L'Amérique est terre de paradoxe. On y trouve les excès de tous les côtés. C'est le pays du puritanisme, d'accord, mais aussi celui de la pornographie. La permissivité la plus échevelée peut y cotoyer les tenants de l' ordre moral le plus rigide. N'oubliez pas que nous sommes dans un pays-continent, le troisième plus le plus peuplé au monde, et celui qui prône le plus la diversité (des personnes, des points de vue, des comportements, des options morales, des choix de vie...)

Au-delà du puritanisme, est-ce plus une question de "politically correct" ?

Cette expression est utilisée à toutes les sauces en France. N'oublions pas qu'elle a été popularisée dans les années 80 par l'extrême droite américaine pour dénoncer les freins mis à l'expression des préjugés sexistes et racistes sur le mode "On ne peut plus rien dire, nous les mâles blancs, dès qu'il s'agit de femmes ou de Noirs !" Donc, il ne faut pas se laisser piéger par ce vocable, bien pratique en France lorsqu'il s'agit de défendre l'idée qu'on peut tout dire même le pire. Je ne pense qu'il s'agisse de cela ici, mais plutôt de débat au sein de la société américaine, entre différents points de vue.

N'anticipons-nous pas aussi la polémique en ayant cette image faussée de l'Amérique "très puritaine" ?

Vous avez tout à fait raison ! Car de quoi est-il question au juste ? D'une société américaine fondée sur ce qu'on appelle le "pluralisme démocratique". Cela remonte à Madison, l'un des pères fondateurs ! Des groupes s'expriment et entendent faire valoir leur point de vue. D'un côté, des parents qui entendent protéger leurs enfants d'images de violence ou d'images de sexe. De l'autre, les partisans du Premier Amendement à la Constitution qui entendent défendre la liberté totale, de tout dire et de tout montrer. Et même si les premiers se font souvent entendre, les seconds finissent presque toujours par l'emporter !

L'Amérique a-t-elle évolué depuis l'affaire Depardieu ? (Gérard Depardieu s'était vu barré la course aux Oscars à cause d'une interview malencontreuse sur sa jeunesse "débridée" à Châteauroux)

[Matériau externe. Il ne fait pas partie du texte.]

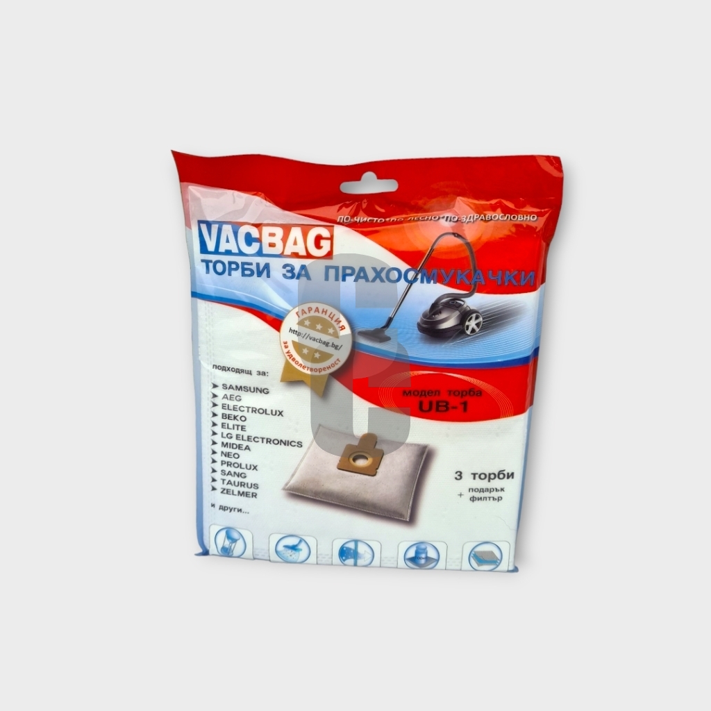 - Универсални торби за прахосмукачка UB-1 VACBAG са предназначени за надеждно събиране на прах, фини частици и замърсявания при ежедневна употреба.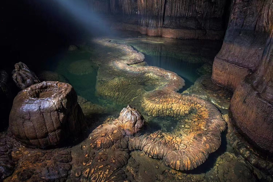 暗淡灯光下,石质的龙眼、龙嘴、龙颔、龙鳞和龙爪熠熠生辉,清晰可辨。它似乎正在腾飞天宇前的短暂蛰伏,龙首顶着脚下的池沼横坎,龙尾隐于池水深处,长13米左右,粗约0.8米。龙颔下现一颗圆润石头,犹如日常悬挂的“宝珠”。一旁则突兀耸出另一圆石,中有偌大臼窝,恰能盛下“宝珠”,必是空着的“珠盘”了。卧龙的神态、模样,与千百年来人们无数次想象,却仅见于画卷雕塑的中华龙毫无二致。作为图腾的中华龙,最多不过万年,而池水中盘踞的龙,地质学家考证已有上亿年。或许,中华龙的形象正来源此吧?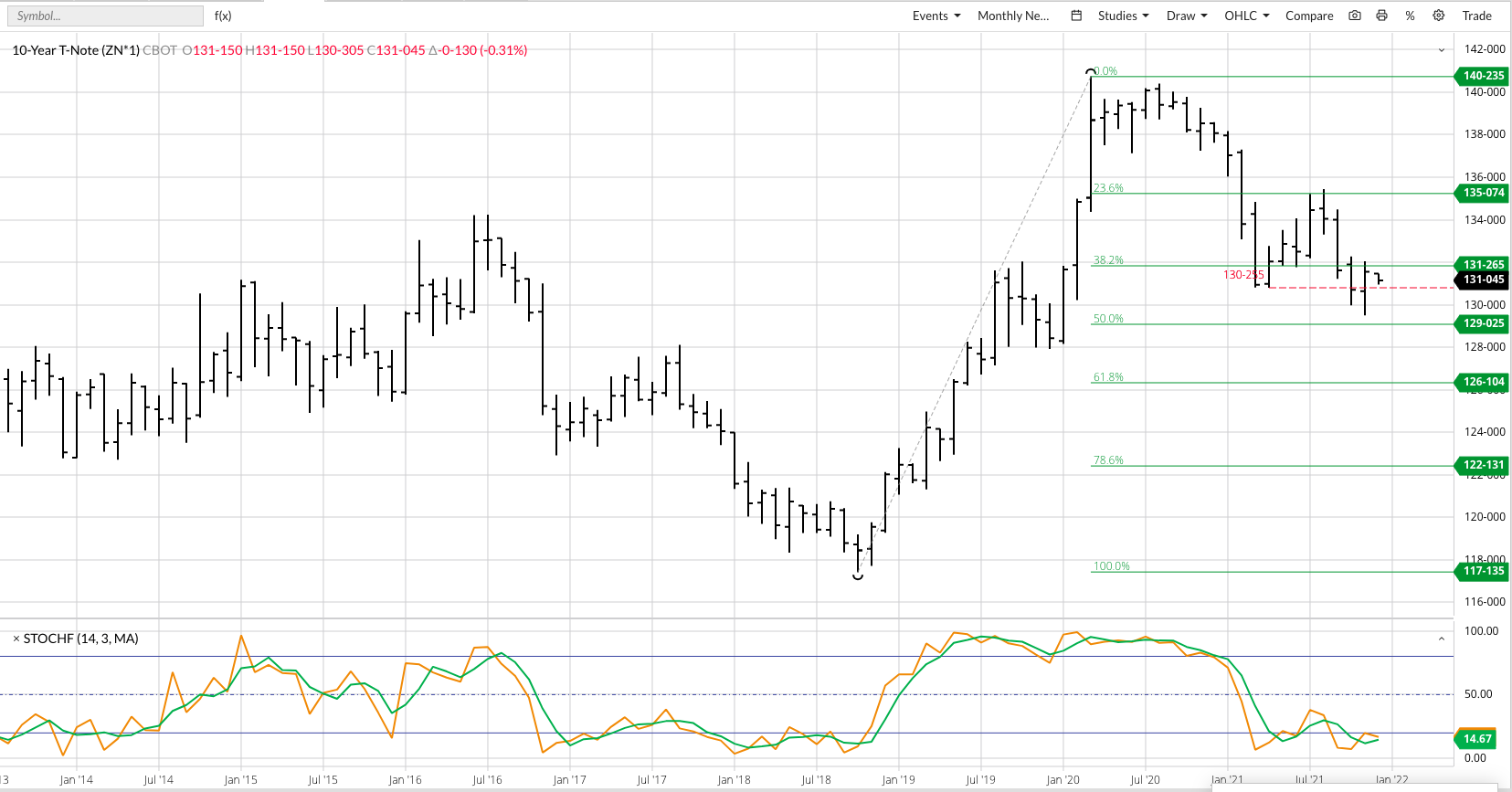 Theoretical Position: If going long the ZN, stops could be placed below the November low of 129-160.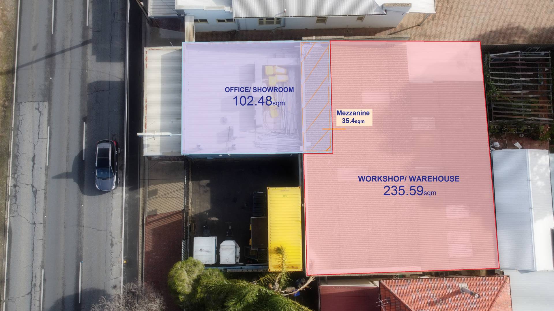 • 102.50 sqm* of Showroom/ Office with brand new ducted evaporative air-conditioning system and isolated split system in the front reception and waiting area.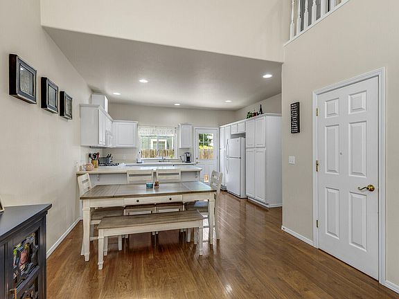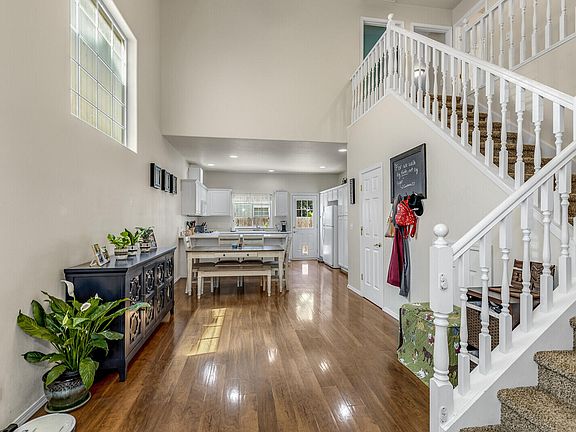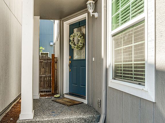 **ASSUMABLE FHA Loan with a 3.5% interest rate through Guild Mortgage** As you enter this light and bright two story home, the soaring ceiling and laminate floors provide a warm welcome. The main level offers a spacious living room with gas fireplace; kitchen with breakfast bar, ample cabinet space, and access to the back yard; powder room; access to the tandem 2-car garage; and a carpeted staircase leading to the second floor. Located upstairs are 2 nicely sized guest bedrooms; a guest bathroom with tile floor, single sink vanity and tub/shower; laundry room with upper cabinet and shelf; and the primary suite. The large primary bedroom boasts a walk-in closet, window with bench seat, private covered balcony, and ensuite with tile floor, single sink vanity, and step-in tile shower. The low maintenance back yard has a patio and gated dog run. This home is turnkey and ready for its new owners! Come see it today!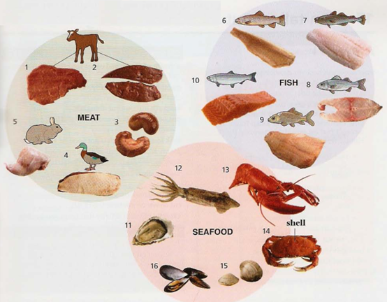 cover the words. Can you name the different types of meat, fish, and seafood?

Oui et non, tout au long de l'histoire récente de l'Amérique, on retrouve les mêmes débats. Notamment celui de la place de la vie privée et celle de l'oeuvre d'un personnage public. Doit-on juger seulement l'oeuvre, ou aussi tout ce qui l'entoure ? Mais après tout, n'a-t-on pas aussi ce type de débat en France ? Il y a quelques mois, on s'était demandé s'il fallait commémorer Céline, en dépit de sa pathologie antisémite...

La polémique pourrait même servir les intérêts de Jean Dujardin, car n'oublions pas que le jury est composé d'artistes, donc des gens attachés à la liberté de création, qui pourraient à cette occasion être tentés de réaffirmer leurs convictions face aux tenants de l'ordre moral.